Let us create a program that implements the so-called Sleep Sort algorithm. This is a semi-joke approach to sorting small integer numbers. The numbers in the data sequence create a delay of the corresponding number of seconds, and then the number is printed.

While being not serious at a first glance, this algorithm is a good test for writing the code that employs the language features aimed at concurrency.

In the case of TypeScript, we can use the async/await keyword pair. The setTimeout function is making the actual delay. Here is the complete code:

async function sort(n: number) {
    await new Promise(resolve => setTimeout(resolve, 100 * n));
    console.log(n);
}

let data = [10, 4, 2, 6, 2, 7, 1, 3];
for (let x of data) sort(x);

You have to compile this program with the following library support (alternatively, use the tsconfig.json file):

$ tsc --lib ES2015,dom sleep-sort.ts

The program loops over the data and calls the sort function for each of them. The function creates a promise and immediately returns.
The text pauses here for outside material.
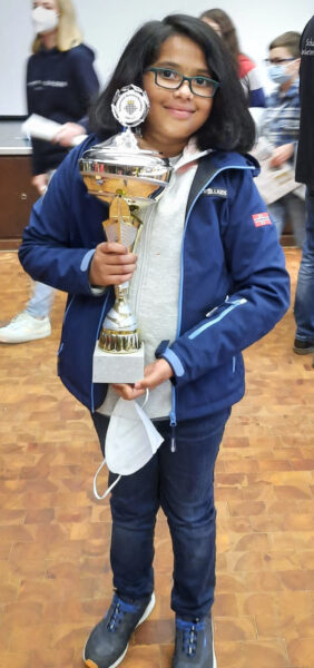 Mit dabei war auch unser Jungtalent Diya Dhanasekaran Meenambigai. Die 10jährige spielte ein starkes Turnier, holte vier Siege und ein Unentschieden und landete mit 4½/7 auf dem 18. Gesamtrang. Dafür wurde sie als beste Spielerin in der Altersklasse U12w ausgezeichnet und durfte sich über einen überdimensionalen Pokal freuen.

You can prove it by adding the print instruction in the loop:

for (let x of data) {
    sort(x);
    console.log("Submitted " + x);
}

Each of the promises is resolved as soon as we have at least 100 * n milliseconds passed. You can experiment with the multiplier to find the best balance between the robustness of the result and the speed of the program.

Get more

That’s all for today. Of course, a lot of TypeScript features are not covered in this article. I am sure you will like the way they do more type checking things, including generic functions and classes, async/await options, working with modules, and much more. I advise you to continue learning the subject using the following resources:

The source codes for today’s article about TypeScript you can find on GiHub.

Next: Day 2. Rust at a glance.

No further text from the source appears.